Making plastic even better

Plastic is so new, Freinkel began, that among all the objects preserved in the sunken Titanic, none are synthetic plastic, because there was hardly any available in 1912. Natural plastic, however, was a familiar material. Amber was popular. Rubber was essential (all plant cellulose is made of long-chain polymers). Ivory for everything from billiard balls to piano keys was in such high demand that an 1867 paper warned about the looming extinction of elephants. The first synthetic plastic---celluoid---was developed as a substitute for ivory, and the elephants survived.

Bakelite was invented in 1907 to replace the beetle excretion called shellac ("It took 16,000 beetles six months to make a pound of shellac."), and was first used to insulate electrical wiring. Soon there were sturdy Bakelite radios, telephones, ashtrays, and a thousand other things. The technology democratized consumption, because mass production made former luxury items cheap and attractive. The 1920s and ‘30s were a golden age of plastic innovation, with companies like Dow Chemical, DuPont, and I. G. Farben creating hundreds of new varieties of plastic for thrilled consumers. Cellophane became a cult. Nylons became a cult. A plastics trade show in 1946 had 87,000 members of the public lining up to view the wonders. New fabrics came along---Orlon and Dacron---as colorful as the deluge of plastic toys---Barbie, the Frisbee, Hula hoops, and Silly Putty.

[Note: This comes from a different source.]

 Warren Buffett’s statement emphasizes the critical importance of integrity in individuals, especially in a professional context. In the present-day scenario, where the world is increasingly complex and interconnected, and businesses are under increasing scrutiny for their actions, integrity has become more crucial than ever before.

Looking for new markets, the marketers discovered disposability---disposable cups for drink vending machines, disposable diapers ("Said to be responsible for the baby boom"), Bic lighters, soda bottles, medical syringes, and the infinite market of packaging. Americans consume 300 pounds of plastic a year. The variety of plastics we use are a problem for recycling, because they have to be sorted by hand. They all biodegrade eventually, but at varying rates. New bio-based polymers like "corn plastic" and "plant bottles" have less of a carbon footprint, but they biodegrade poorly. Meanwhile, thanks to the efficiencies of fracking, the price of natural gas feedstock is plummeting, and so is the price of plastic manufacture.

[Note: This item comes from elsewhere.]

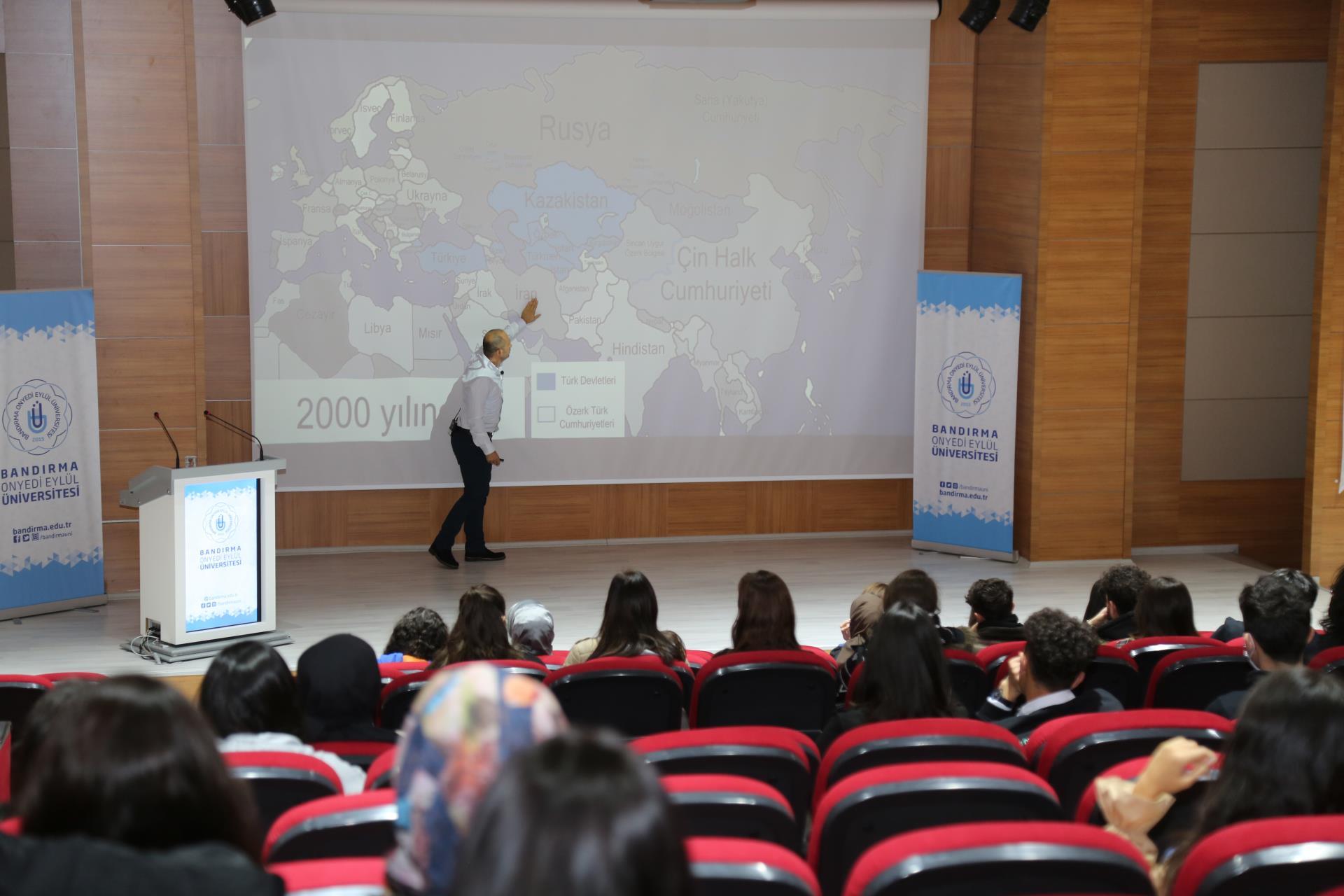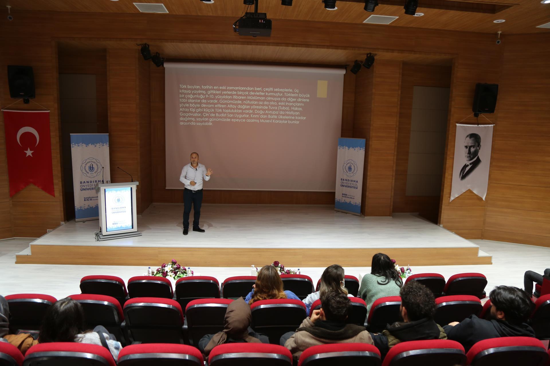 Türkoloji Topluluğumuz tarafından düzenlenen ve Prof. Dr. Fuat Sezgin Konferans Salonu'nda yapılan programa konuşmacı olarak Türk Dili ve Edebiyatı Bölümü Öğretim Üyesi Doç. Dr. Ümit Akın konuşmacı olarak katıldı. Akın programda Türk dünyasında edebiyatın nasıl yer aldığına ilişkin detaylı bir sunum yaptı. Program öğrencilerden gelen soruların cevaplandırılmasının ardından sona erdi.

Some plastics have some chemicals like bisphenol A and phthalates that are toxic. American manufacturers don’t have to list the materials in their products, and there’s no hope of testing every one of the 80,000 industrialized chemicals loose in the world. Freinkel recommends greatly expanding the practice of “green chemistry,” so that every process and product of manufacturing is safe and sustainable from the ground up. She would like to see a stronger regulatory environment and the building of a fully systemic recycling infrastructure.

In the Q & A Freinkel recommended a book by Elizabeth Grossman, Chasing Molecules: Poisonous Products, Human Health, and the Promise of Green Chemistry.